Output the whole listing exactly, with no pictures.

··· Given information ···

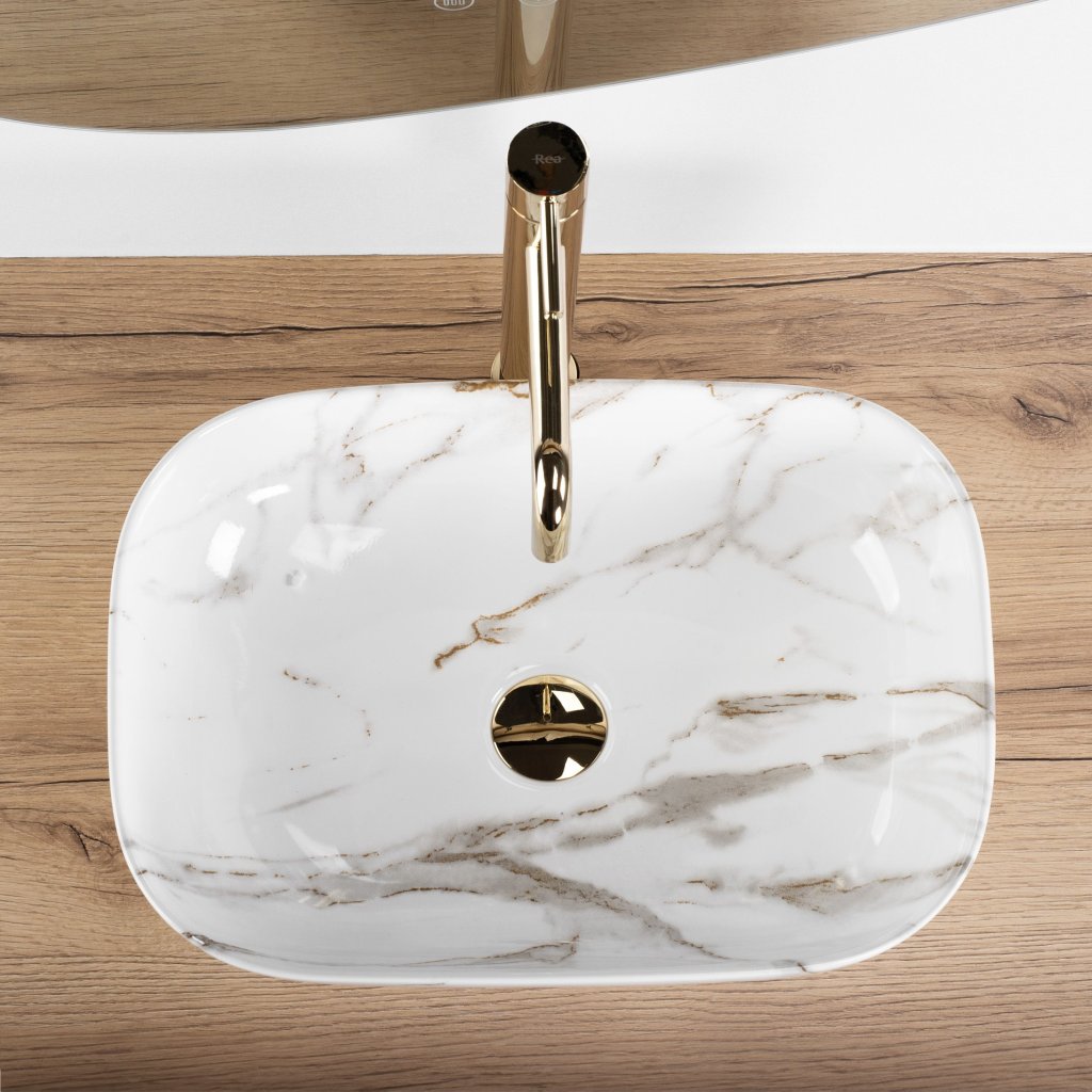 Keramické umyvadlo na desku REA BELINDA STONE - AIAX béžový mramor lesk
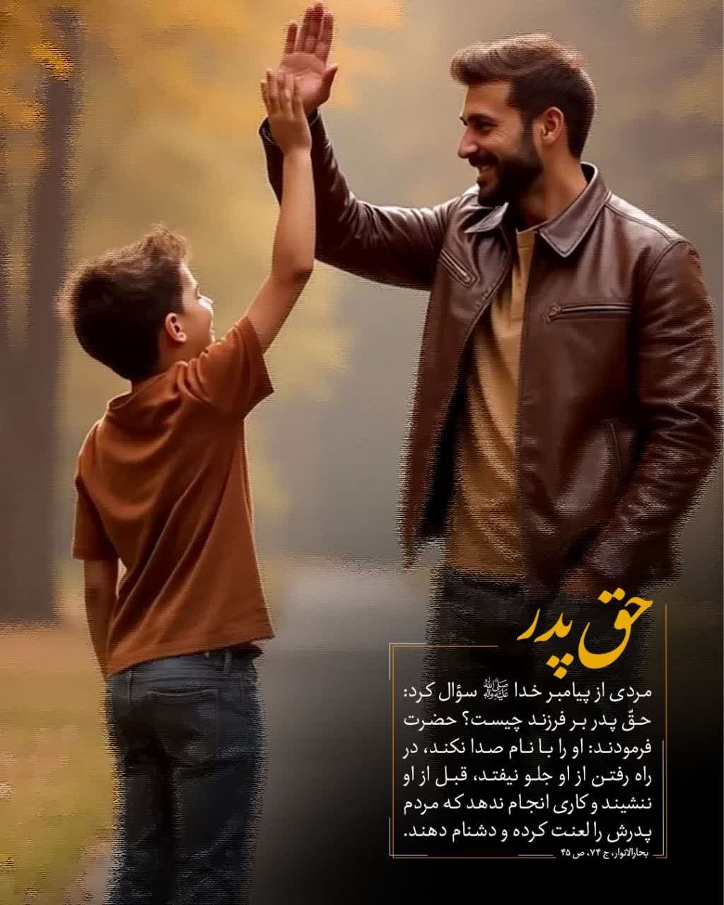 امام رضا علیه السّلام فرمودند: مردی از پیامبر خدا صلّی الله علیه و آله سؤال کرد: حقّ پدر بر فرزند چیست؟ حضرت فرمودند: او را با نام صدا نکند، در راه رفتن از او جلو نیفتد، قبل از او ننشیند و کاری انجام ندهد که مردم پدرش را لعنت کرده و دشنام دهند.
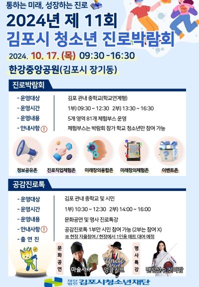 미디어라이프 중부신문 이종인 기자 | (재)김포시청소년재단 중봉청소년수련관에서는 10월17일 김포한강중앙공원에서 오전 9시30분부터 오후 4시30분까지 청소년진로박람회를 개최한다.

···

# Solved problem
 Keramické umyvadlo na desku REA BELINDA STONE - AIAX béžový mramor lesk
 امام رضا علیه السّلام فرمودند: مردی از پیامبر خدا صلّی الله علیه و آله سؤال کرد: حقّ پدر بر فرزند چیست؟ حضرت فرمودند: او را با نام صدا نکند، در راه رفتن از او جلو نیفتد، قبل از او ننشیند و کاری انجام ندهد که مردم پدرش را لعنت کرده و دشنام دهند.
 미디어라이프 중부신문 이종인 기자 | (재)김포시청소년재단 중봉청소년수련관에서는 10월17일 김포한강중앙공원에서 오전 9시30분부터 오후 4시30분까지 청소년진로박람회를 개최한다.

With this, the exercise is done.